President Volodymyr Zelenskyy said on Thursday that Ukrainian forces had anticipated Moscow's counteroffensive in the Russian region of Kursk, his first comments on the pushback this week, more than a month after Ukraine's cross-border incursion.
Its forces made rapid initial gains before stalling, while the situation around the eastern Ukrainian town of Pokrovsk, which has been the focus of Russia’s main offensive operations in recent weeks, remained perilous.
“The Russians have begun counteroffensive actions.
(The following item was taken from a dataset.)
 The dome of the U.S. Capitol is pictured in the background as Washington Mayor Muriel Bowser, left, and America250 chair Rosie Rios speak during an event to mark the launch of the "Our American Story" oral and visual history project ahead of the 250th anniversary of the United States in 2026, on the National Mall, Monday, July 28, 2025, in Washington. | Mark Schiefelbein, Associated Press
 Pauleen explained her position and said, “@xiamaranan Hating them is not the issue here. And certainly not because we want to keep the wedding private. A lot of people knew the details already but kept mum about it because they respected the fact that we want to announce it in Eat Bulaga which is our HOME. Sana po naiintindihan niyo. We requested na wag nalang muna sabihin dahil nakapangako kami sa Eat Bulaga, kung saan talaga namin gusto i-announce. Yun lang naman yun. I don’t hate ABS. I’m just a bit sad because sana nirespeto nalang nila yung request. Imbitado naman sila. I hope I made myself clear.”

It is going according to our Ukrainian plan,” Zelenskyy told a news conference in Kyiv with Lithuanian President Gitanas Nausėda.
“The situation is good for us,” said Alaudinov, who is also deputy head of the Russian defense ministry’s military-political department.
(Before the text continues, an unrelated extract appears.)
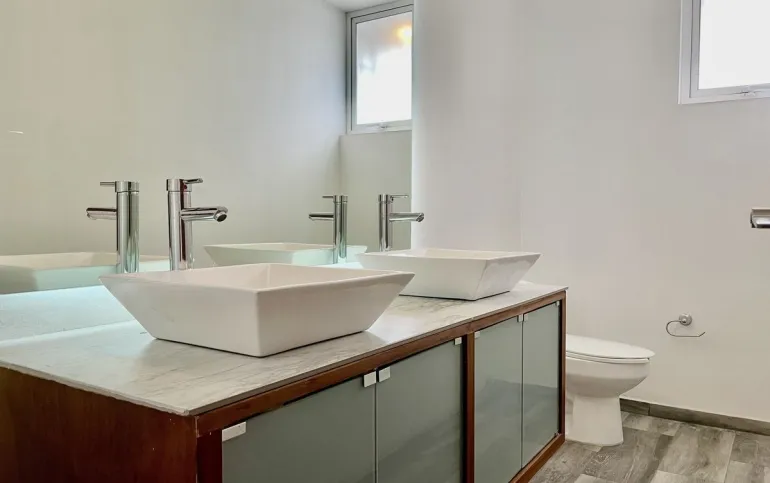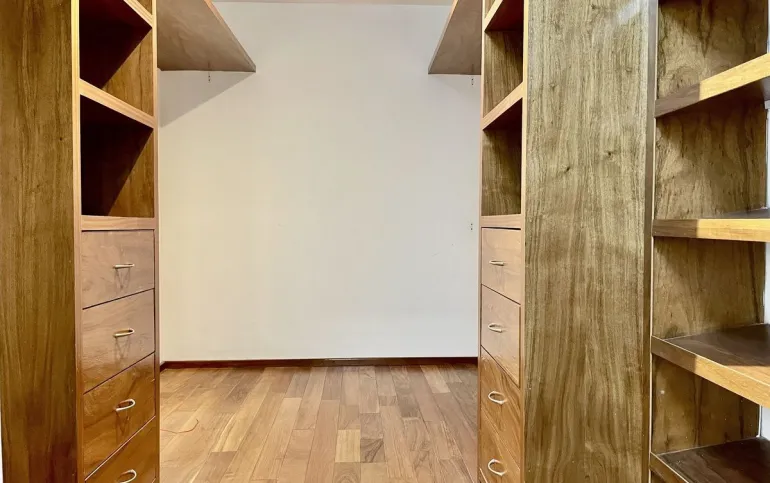 En el piso superior, encontrarás dos acogedoras habitaciones que comparten una encantadora terraza ideal para disfrutar de momentos al aire libre. La recámara principal es un verdadero refugio, equipada con un vestidor y un baño privado que te brindará la privacidad que mereces. Una amplia sala familiar que podrás convertir en una 4ta recámara si lo requieres. Todos los espacios cuentan con elegantes pisos de madera, añadiendo un toque de calidez y sofisticación.

Similar claims were made by several Russian military bloggers.
Yuri Podolyaka, a Ukrainian-born, pro-Russian military blogger, and two other influential bloggers - Rybar and the Two Majors - said that Russian forces had begun a significant counteroffensive in Kursk.
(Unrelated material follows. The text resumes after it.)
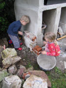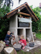 Holzbackofen am 4.7.2010 Holzbackofen mit Katze am 23.4.2011

“In the Kursk region, the Russian Army launched counter-offensive actions on the western flank of the enemy’s wedge, reducing the Ukrainian zone of control near the state border,” the Two Majors blog said.
Reuters has not been able to independently verify the battlefield reports on either side.
Russia sends experienced troops
As ISW noted, it is not clear whether even these experienced troops are enough to fully expel the Ukrainians from Russian territory taken during the previous month, or defend against further Ukrainian attacks, “since the Russian military command likely deployed elements of these units, instead of the entire formations.”
Other fronts
During his Thursday press conference, Zelenskyy repeated earlier assertions that Ukraine had also noticed a buildup of forces across the border with Belarus, Russia’s main ally in its full-scale war on Ukraine.
“We have seen it for a long time – this process is under control,” he said.
Russian forces have advanced in eastern Ukraine and were fighting in the center of the town of Ukrainsk in the Donetsk region, according to Russian war bloggers and open-source maps of the war.
Red Cross in the crosshairs
During the Russian onslaught in Donetsk on Thursday, three Ukrainians working for the International Committee of the Red Cross (ICRC) were killed and two others wounded.
“I condemn attacks on Red Cross personnel in the strongest terms. It's unconscionable that shelling would hit an aid distribution site,” ICRC President Mirjana Spoljaric Egger said in a statement.
The statement added that ICRC teams are regularly present in the Donetsk region, and their vehicles are marked with the Red Cross emblem.